*DATA SUPPLIED*:
------------------------------------------------
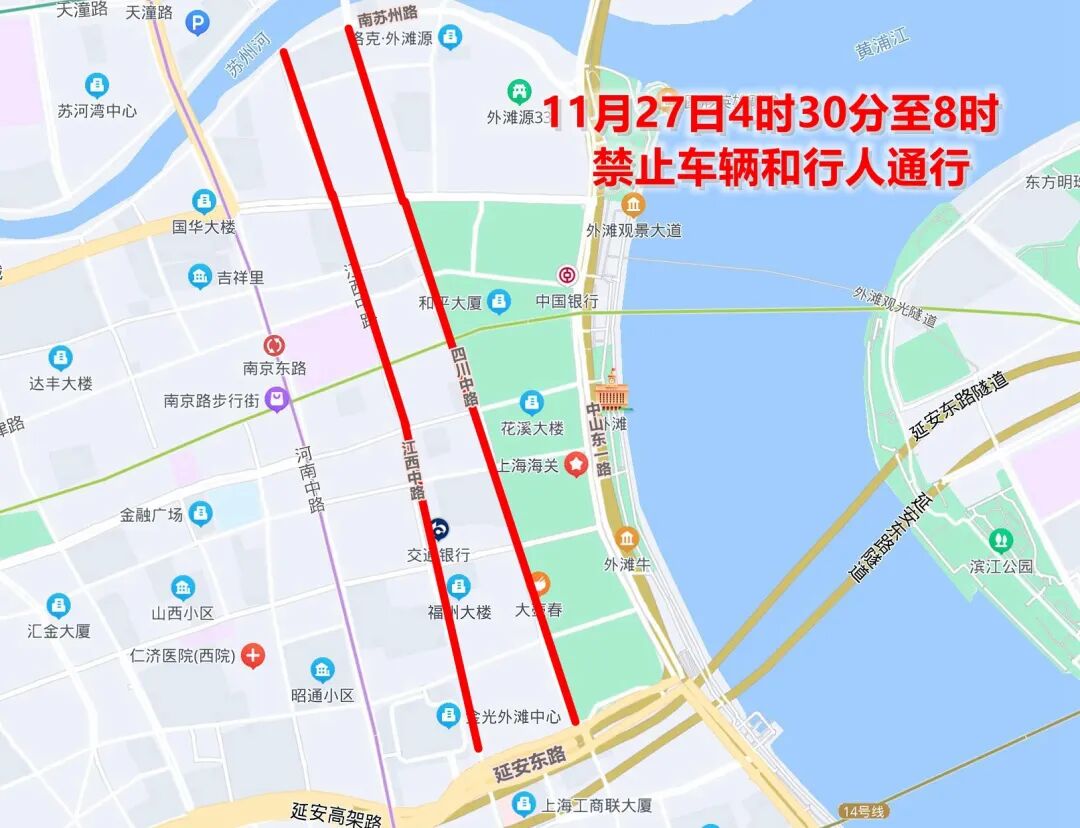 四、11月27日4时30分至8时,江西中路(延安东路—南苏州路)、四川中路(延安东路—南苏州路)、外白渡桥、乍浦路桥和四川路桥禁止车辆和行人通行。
------------------------------------------------
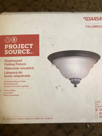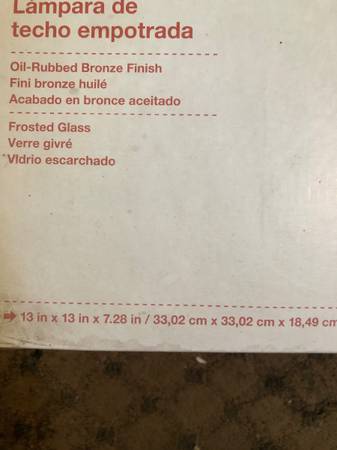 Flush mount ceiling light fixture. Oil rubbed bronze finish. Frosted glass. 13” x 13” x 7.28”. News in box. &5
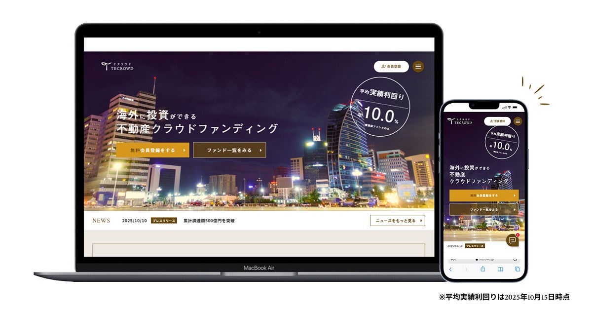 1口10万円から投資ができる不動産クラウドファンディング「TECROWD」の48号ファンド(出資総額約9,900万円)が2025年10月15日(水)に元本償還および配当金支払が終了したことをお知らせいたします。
------------------------------------------------
*PROBLEM TO SOLVE*:
Using the data above, which lines fall from the one with "Flush mount ceiling" through the one with "1口10万円から投資ができる"? Repeat them exactly, ends included, minus any pictures.

*REPLY TO THE EXERCISE*:
 Flush mount ceiling light fixture. Oil rubbed bronze finish. Frosted glass. 13” x 13” x 7.28”. News in box. &5
 1口10万円から投資ができる不動産クラウドファンディング「TECROWD」の48号ファンド(出資総額約9,900万円)が2025年10月15日(水)に元本償還および配当金支払が終了したことをお知らせいたします。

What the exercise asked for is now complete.